The ROC curve-based statistical analyses (e.g., violin plot and Wilcox test) are suitable for assessing the performance difference of the pathway analysis methods under comparison ( Supplemental Figure S4 ). The violin plot graph suggested that the topology-based methods (SPIA, ROntoTools_PE and ROntoTools_pDIS) generally performed better than the non-topology-based methods (GSEA, GSA, SAFF and PADOG); and that SPIA was overall better than ROntoTools_PE and ROntoTools_pDIS ( Figure 12 ). These results coincide well with the findings of each individual data (see Figures 6 , 7 , plus Figure 2 therein Ref (1). However, the results of the Wilcox test (data not shown) on the global metrics (AUC, pAUC_SP and pAUC_SE) suggested that no significant difference was observed among methods when benchmarked on this collection of data.

Collected at the optimal p-Threshold, the key metrics (FDR, FPR, FNR, specificity, sensitivity, accuracy, precision and recall) reflect the local properties of the ROC curves and are suitable for a local comparison among methods (see Table 1 ). With the chosen benchmark, the topology-based methods (SPIA, ROntoTools_PE and ROntoTools_pDIS) performed better than the non-topology-based methods (GSEA, GSA, SAFF and PADOG) in terms of p-Threshold and FDR; and GSEA displayed the poorest performance among the seven tested methods in terms of specificity, sensitivity, accuracy and precision ( Figure 12 ).

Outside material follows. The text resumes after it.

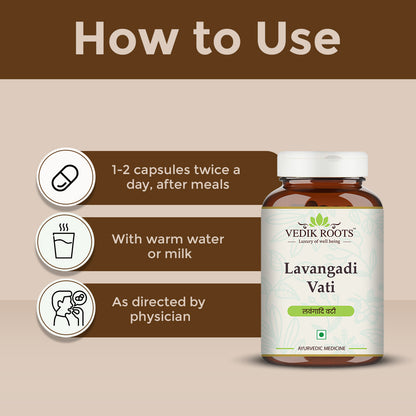 Looking for Lavangadi Vati uses in Hindi? It’s widely known as “खांसी की दवा” (cough medicine) and “गले की खराश के लिए” (for sore throat). Purchase Lavangadi Vati today and say goodbye to discomfort!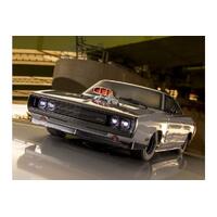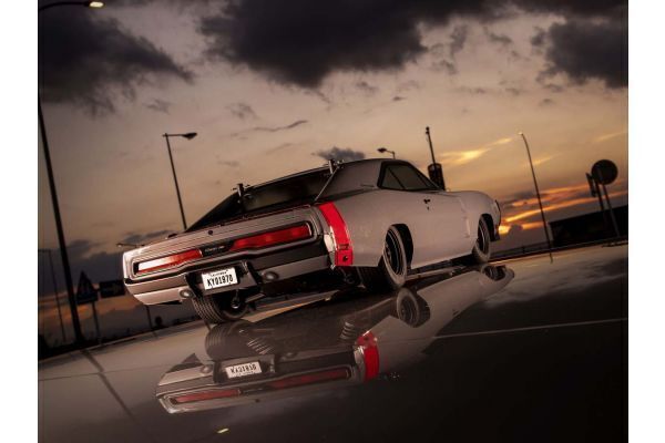 Designed and built for the pure enjoyment of R/C car driving, the FAZER Mk2 welcomes this brushless motor addition to the series. Powering up from the conventional G14L brushed motor to the TORX 10E brushless motor, the 1.6 x speed boost delivers 65km/h (up from about 40 km/h) backed up by the newly incorporated BRAINZ 10 speed controller, sintered pinion gear and aluminum HD center shaft L (previously an optional upgrade) to support the extra power and higher RPMs. This fully upgraded version of the VE specifications boasts an ultra-scale 1970 Dodge Charger body much loved in America, with a Kyosho designed supercharger, and features light buckets that can be equipped with front and rear LEDs and open/close function for concealed headlights. Kyosho s original color scheme pays homage to the rebel image of this machine and this 1970 Dodge Charger Supercharger Spec VE Gray is packaged as a pre-built Readyset, so its easy even for beginners to enjoy without delay. Just use your own battery, battery charger and transmitter to experience the first brushless motor-powered model in the VE series!

The key metrics including AUC, pAUC_SP and pAUC_SE reflect the overall properties of the ROC curves and are appropriate for a global comparison among methods (see Table 1 ). The partial AUCs (pAUC_SP and pAUC_SE) of the 90–100% specificity and sensitivity may display drastic variations on a case-by-case basis, thus measuring possible bias toward a higher specificity (true negative rate) or higher sensitivity (true positive rate). With the chosen benchmark, ROntoTools_PE performed better than ROntoTools_pDIS in terms of AUC, pAUC_SP and pAUC_SE; and SPIA had a higher specificity (pAUC_SP) but a lower sensitivity (pAUC_SE) than GSEA ( Figure 12 ).